Fortunately, we found a hint by looking at (click) one step deeper into the existing verbs library. (click) When the app issues verbs call, the verbs library outputs serialized parameter before it sends a corresponding NIC command. This means that the complexity of verbs call arguments can be simplified internally by the library.
So, based on this observation, (click) we decouple the freeflow layer into two parts called freeflow router and freeflow library and makes the VNIC as an interface between them. (click) Our shim layer intercepts the serialized output of full-fledged verbs library instead of intercepting App facing APIs. (click) Then, we make it to forward the call to virtual nic on the freeflow router. (click) This way, verbs calls can be forwarded correctly without explicit serialization.
The second challenge is that how to synchronize shadow memory with corresponding apps’ memory region in the data path. (click) As mentioned earlier, the shadow memory is a copy of application’s memory region and NIC directly accesses the shadow memory. (click) And those memory regions must be synchronized for correct data path operations. (click) We observe that the synchronization is not trivial because of the characteristics of RDMA operation. Let me explain this challenge with an example.

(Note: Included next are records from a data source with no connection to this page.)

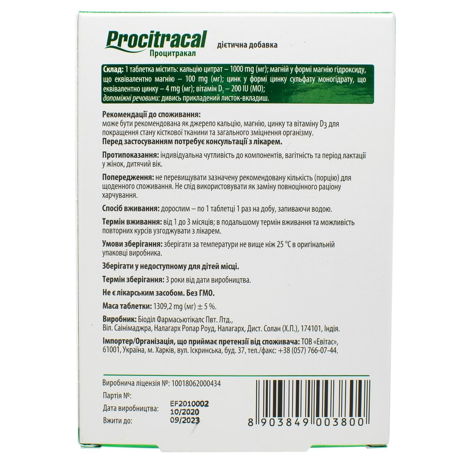 1 таблетка містить: кальцію цитрат – 1000 мг (mg); магній у формі магнію гідроксиду, що еквівалентно магнію – 100 мг (mg); цинк у формі цинку сульфату моногідрату, що еквівалентно цинку – 4 мг (mg); вітамін D – 200 МО (IU);
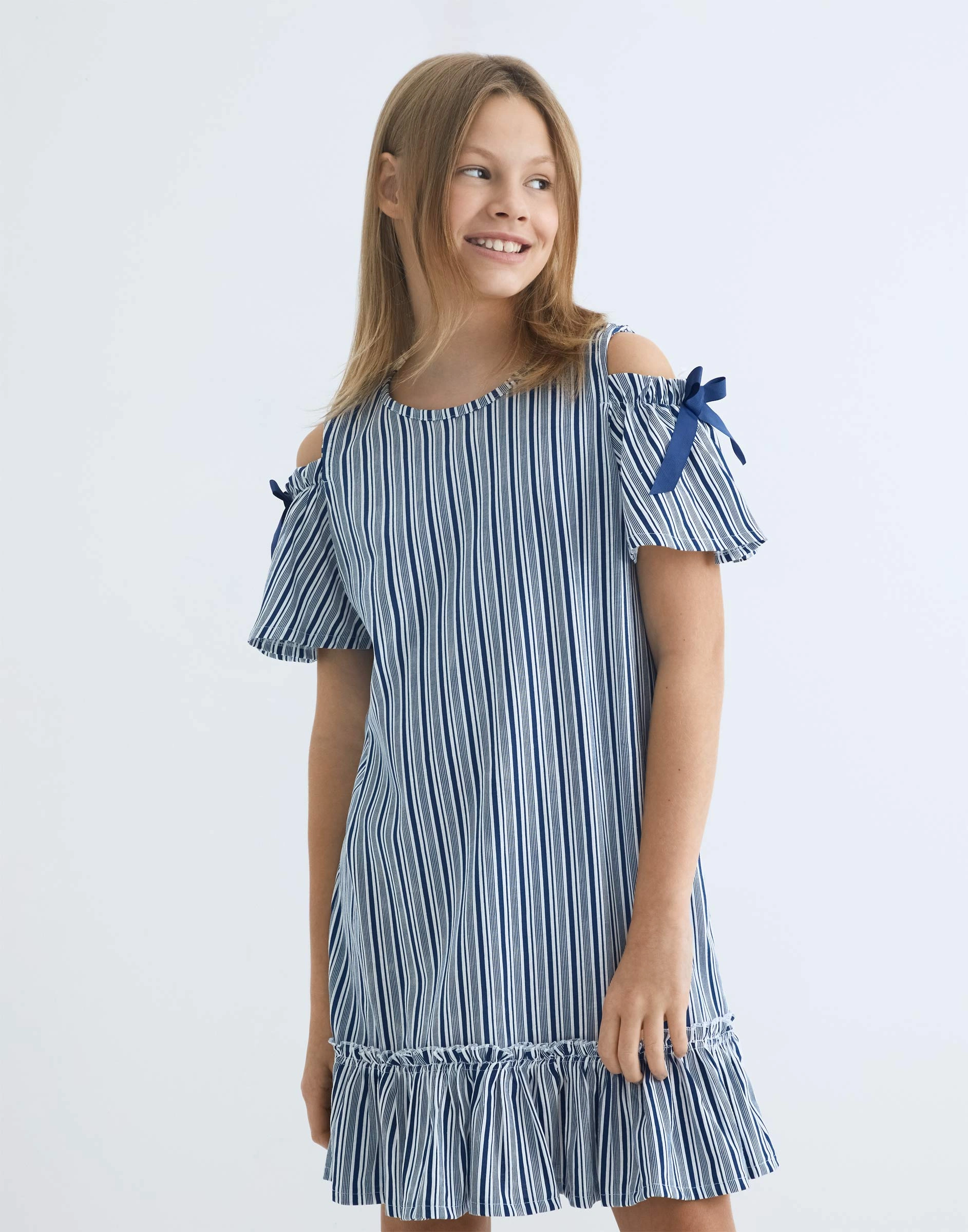 Полосатое платье с открытыми плечами, бантами и оборкой Gdr030031-2
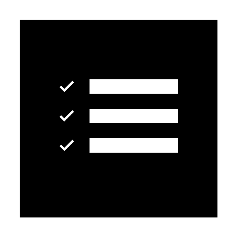 <path fill-rule="evenodd" clip-rule="evenodd" d="M2 2H22V22H2V2ZM9.04475 8H18V9.49254H9.04475V8ZM9.04475 10.9851H18V12.4776H9.04475V10.9851ZM18 13.9702H9.04475V15.4627H18V13.9702ZM7.49254 8.32587L7.31717 8.14925L6.49751 8.9689L6.17662 8.64925L6 8.82462L6.49751 9.32089L7.49254 8.32587ZM7.31717 11.1343L7.49254 11.3109L6.49751 12.306L6 11.8097L6.17662 11.6343L6.49751 11.954L7.31717 11.1343ZM7.49254 14.296L7.31717 14.1194L6.49751 14.9391L6.17662 14.6194L6 14.7948L6.49751 15.2911L7.49254 14.296Z" fill="#000000"/>
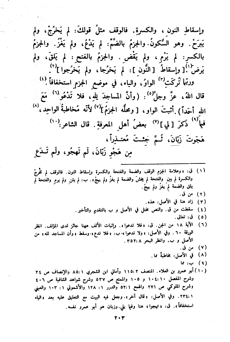 وربما تركت هذه الواو والياء في موضع الجزم استخفافا قال الله عز و جل ( وأن المساجد لله فلا تدعوا مع الله أحدا ) أثبت الواو ههنا ومحله الجزم لأنه مخاطبة الواحد فيما ذكر لي بعض أهل المعرفة قال الشاعر
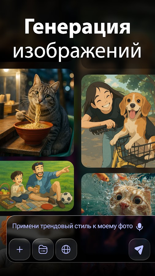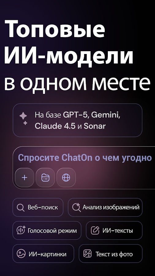Добро пожаловать в мир искусственного интеллекта! ChatOn — ваш незаменимый виртуальный помощник и собеседник, построенный на базе GPT-5, Gemini 2.5 Pro, GPT-4o, o4-mini, Sonar, Claude 3.7 и DeepSeek-R1. Готовитесь к важной презентации? Или ищете источник вдохновения и классные идеи? Наша нейросеть поможет вам решить эти и многие другие задачи.
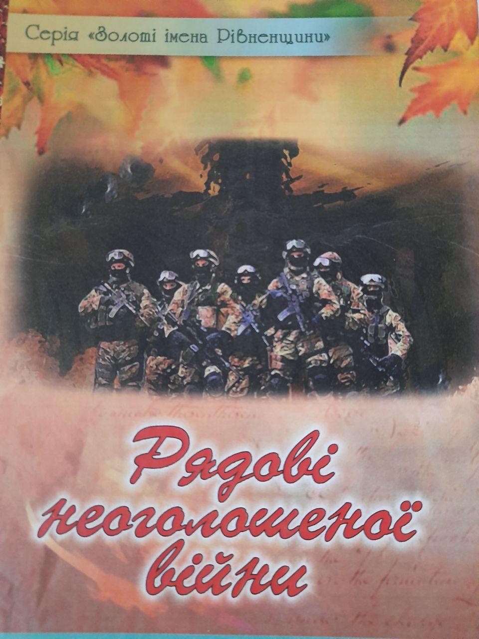 Книга вийшла в серії «Золоті імена Рівненщини». В ній зібрані нариси, есе, розповіді про учасників війни на сході – загиблих та живих, які були опубліковані у різних районних та обласних газетах Рівненщини.
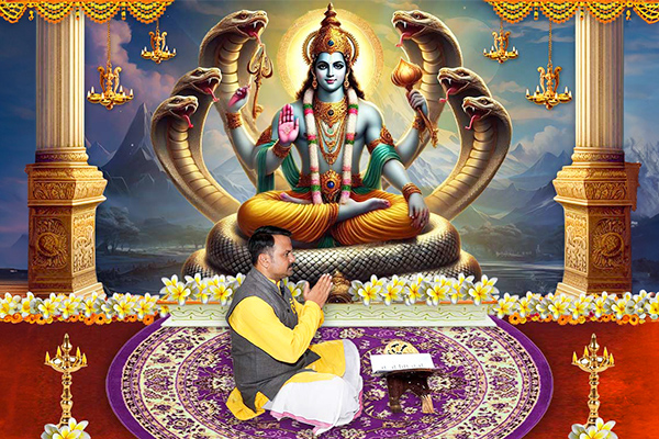 - Recitation of Mantras: The Puja involves the chanting of sacred mantras dedicated to Bhagwan Vishnu. Devotees often recite the Vishnu Sahasranama (1,000 names of Vishnu) or the Hare Krishna Maha Mantra. Chanting these mantras with concentration invokes divine blessings, purifies the mind, and deepens the devotee’s connection to the divine.
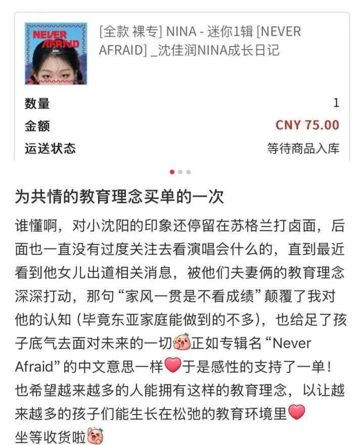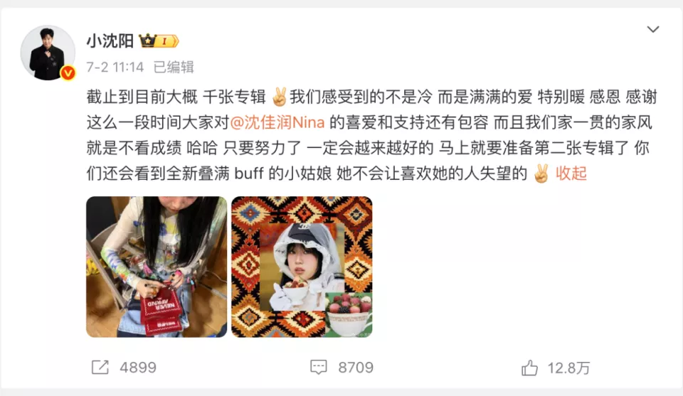 7月2日,售出千张专辑后,小沈阳还发帖力挺女儿,并在一片唱衰中公开回复:
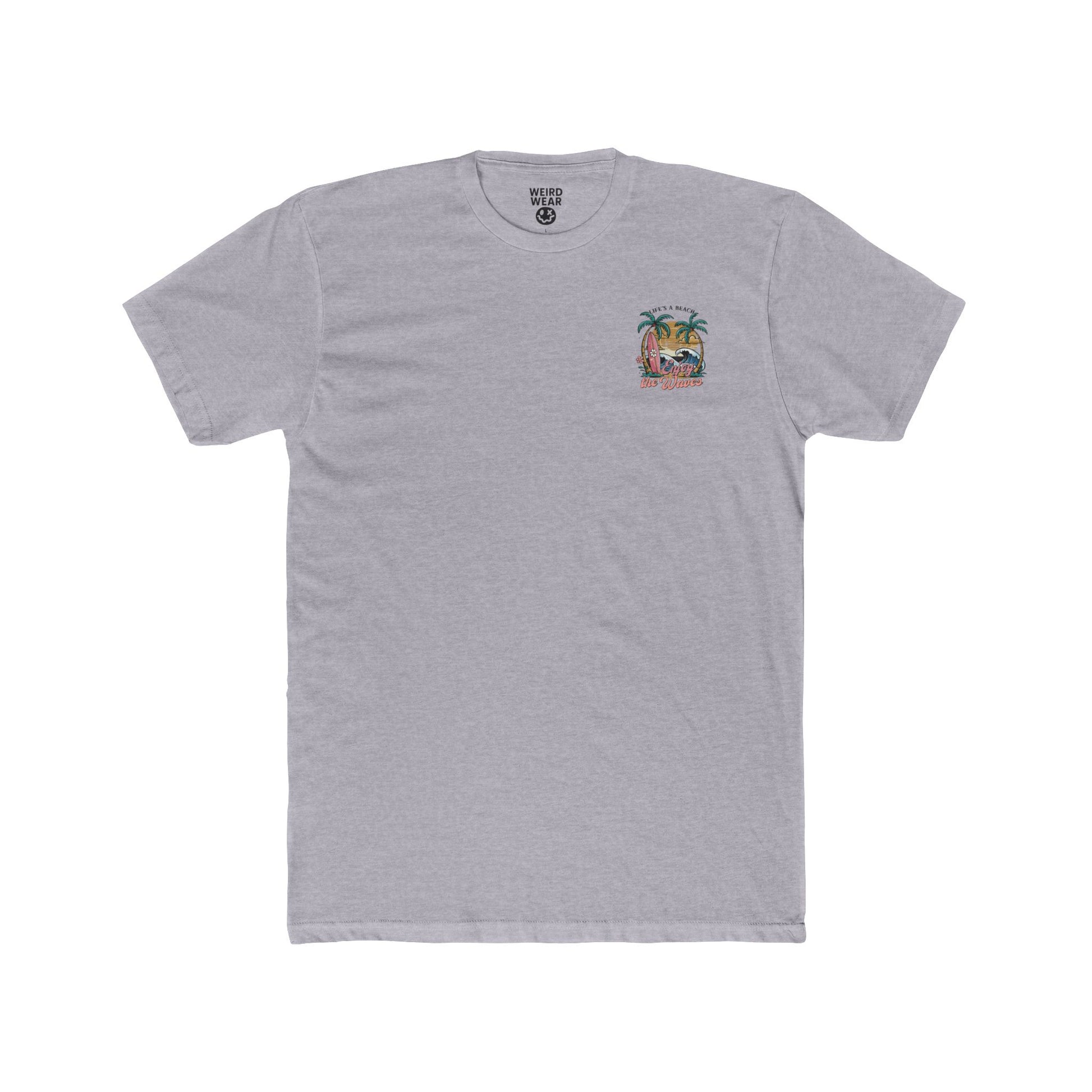 A lightweight cotton crew tee that carries a laid-back beach vibe. Soft to the touch and breathable, it features a small chest motif and a vibrant back print with surfboards, palms, and a sunset that reads “Life’s a Beach — Enjoy the Waves.” The classic crew neckline and straight fit make it easy to layer or wear solo. Built with reinforced shoulder tape and side seams for long-lasting shape, plus ribbed collar detailing to keep the neckline crisp. DTF sleeve printing adds a handcrafted, durable finish. Made for adults and compliant with EU REACH standards, with a two-year EU warranty.
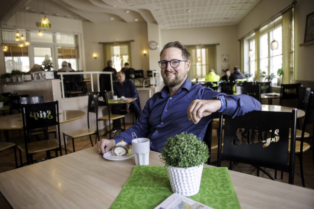 Några av cafégästerna hälsar och byter några snabba ord när de passerar bordet där ett av caféets ägare tillika Kristdemokraternas gruppledare Per Boström sitter och avnjuter sin frukostmacka med en kopp té.

Let’s assume the container 1 wants to write contents in its memory region, MEM-1, to another memory region, MEM-2, on container 2. So, when the write request has been issued, the FreeFlow router needs to somehow copy the data from MEM-1 to the shadow memory, (click) And then the NIC will read from the shadow memory and transmit it to the NIC on the other side, (click )Then the receiver NIC put the data to S-MEM-2 without CPU involvement. (click) Since there is not signal, the freeflow router does not know when it should copy the data from the shadow memory to app memory. (click) One straightforward solution would be to explicitly synchronize two memory regions. But it's not efficieint or effetive. (click) But if it is too frequent, it would consume excessive amount of CPU cycles and memory bandwidth. If the frequency is too low, the app can end up with reading wrong data. Both results are undesirable. So how can we solve this problem?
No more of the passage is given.